Il avait raison. Nous le savions tous, mais personne n’avait relevé. Je m’étais ensuite occupé de faire le feu. À ce moment-là, les trois quarts du groupe, égoïstes, dormaient déjà. Encore éveillé, Fear avait alors désinfecté la plaie d’Alexey grâce à la trousse de soin trouvée sur le cadavre du guide. Quant à moi, je n’arrivais pas à m’endormir, trop préoccupé par notre situation. Je tournai et retournai dans ma tête les évènements qui venaient de se produire. L’avion, le guide, cette mystérieuse lettre, la tempête, la porte, le piège, la sortie inaccessible. J’avais l’impression que j’étais passé à côté de quelque chose d’important, mais je ne pouvais déterminer quoi. Mes yeux se fermaient lorsque je perçus une légère agitation. Je me redressais doucement et aperçus alors une ombre dans le camp. Je la vis attraper un sac à dos puis enjamber quelques dormeurs avant de disparaître dans l’obscurité. Un frisson me parcourut l’échine. Était-ce un forumer ? Ou autre chose ?…
J’hésitai un instant puis me levai et me lançai à la suite de l’ombre. Une minute plus tard, je regrettais mon choix. Je n’y voyais rien. Au loin, la lueur du feu me suppliait de revenir près du camp, comme si elle avait détecté un danger imminent. Ma respiration s’accéléra. J’avais les mains moites et de la sueur coulait le long de mon cou. J’avais peur. Perdu dans la nuit et mort de trouille, j’allais rebrousser chemin lorsqu’une main ferme se posa sur mon épaule.
Je sursautai et laissai échapper un cri de frayeur. Aussitôt, une main me bâillonna, m’empêchant de respirer. Je voulus me dégager mais mon agresseur était fort, beaucoup trop fort.
-Ta gueule, Flo ! me souffla-t-il.
Aussitôt, presque toute la pression retomba. J’avais reconnu la voix de VGM. Il me lâcha et je l’apostrophai vivement :
-Putain mais qu’est-ce que tu fous là ? !

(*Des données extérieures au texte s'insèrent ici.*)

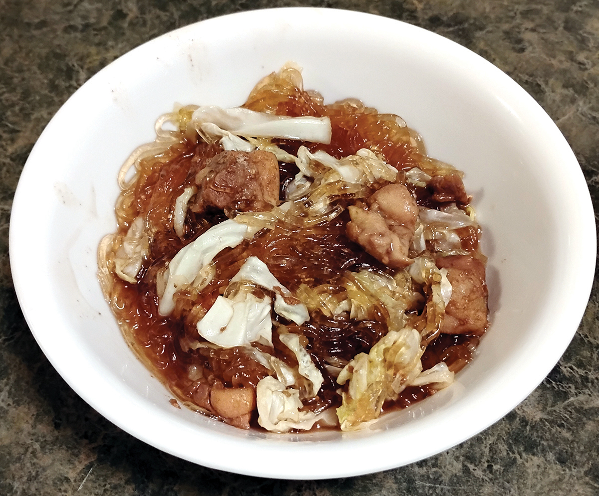 Prepare noodles by following the instructions on the package. After draining, cut the noodles into 3- to 4-inch pieces.

-Primo, je fais ce que je veux et segundo, si je t’ai laissé me suivre, c’est qu’il y a une raison. Alors ferme-la et suis-moi. La réplique avait été tranchante et d’un ton sans appel. Je restais là, pantois, sans pouvoir répondre. Devais-je le suivre ? Il était peut-être fou. Il était même peut-être dangereux. La raison me soufflait de m’enfuir à toutes jambes et de retourner au camp. Mais la curiosité, cette putain de curiosité dont je n’arrivais pas à me débarrasser, fût encore plus forte. Et puis la raison n’avait pas sa place ici. Dans cette caverne perdue du bout du monde, la raison n’existait plus. J’acquiesçai en silence. Aussitôt, VGM se retourna et disparut à ma vue. Je me jetais à sa suite et finis par le réapercevoir. Je me mis à le suivre, ne le quittant pas des yeux. Nous nous retrouvâmes bientôt à une extrémité de la pièce. Au-dessus de nous, à deux mètres de hauteur, se tenait une fissure large d’un mètre et haute de cinquante centimètres. Hormis VGM et le mur, c’était la seule chose que je voyais.
-Comment tu fais pour voir quelque chose et te diriger dans cette obscurité ?! lançais-je soudain.

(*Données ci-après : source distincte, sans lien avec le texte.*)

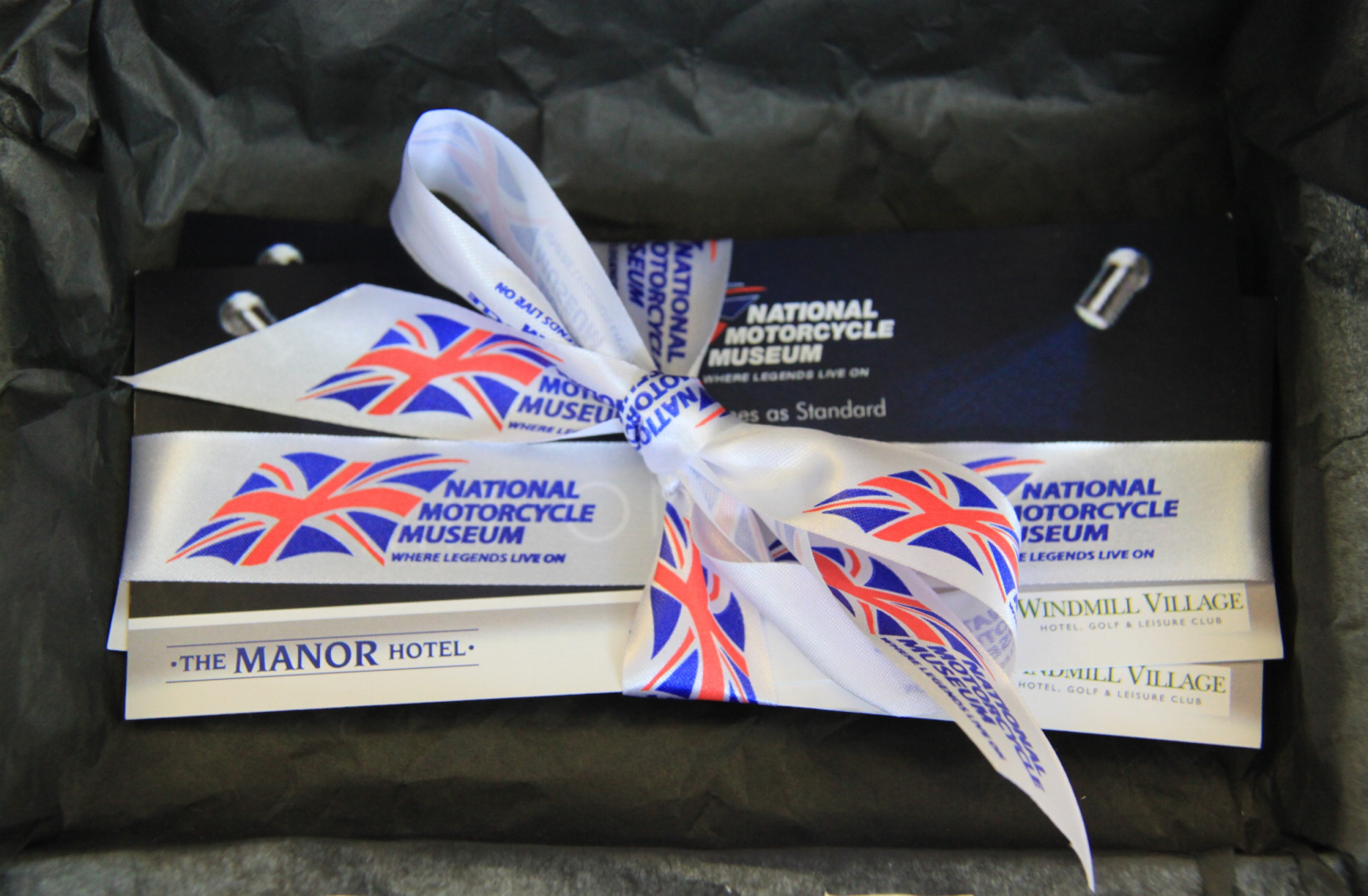 Admission ticket enclosed in a gift wrapped presentation box.

-Sache simplement que je n’y vois pas plus que toi, me répondit Julien d’un ton neutre.
Il sembla réfléchir puis désigna la faille du doigt.
-Passe le premier, repris-t-il.
Cette fois, il me sembla clair qu’il était fou.
-Non, répondis-je simplement.
-Comme tu veux, mais ne te plains pas si tu as du mal à grimper sans aide.
Et il sauta sur le mur avant de s’enfoncer dans la fissure avec une agilité qui n’avait rien d’humaine. Je n’avais absolument pas l’intention de le suivre. C’était un fou, un demeuré mental, un psychopathe dégénéré ! Néanmoins, j’attendis son retour. Trente minutes plus tard, il n’était toujours pas là…
Après une heure d’attente, rongé par l’angoisse, je me lançai sur la paroi. En fait, je m’étais trompé. Le malade mental, c’était moi. Mais putain de bordel de merde pourquoi je faisais-je donc ça ? J’avais l’impression de ne plus être moi-même.
J’eus beaucoup de mal à me glisser dans la fissure. Lorsque j’y parvins, j’étais totalement épuisé. L’anfractuosité était tellement étroite que je l’occupais entièrement. Je me mis à ramper, m’écorchant contre la pierre. Je ne pourrais plus faire demi-tour. De nouveau, la panique s’empara de moi. L’air était déjà plus rare. Et si je mourrais étouffé, coincé, sans pouvoir bouger ? Ce serait une mort lente, atroce. Je repoussai la peur du mieux que je le pus. Céder à la panique était bien souvent synonyme de signer son arrêt de mort.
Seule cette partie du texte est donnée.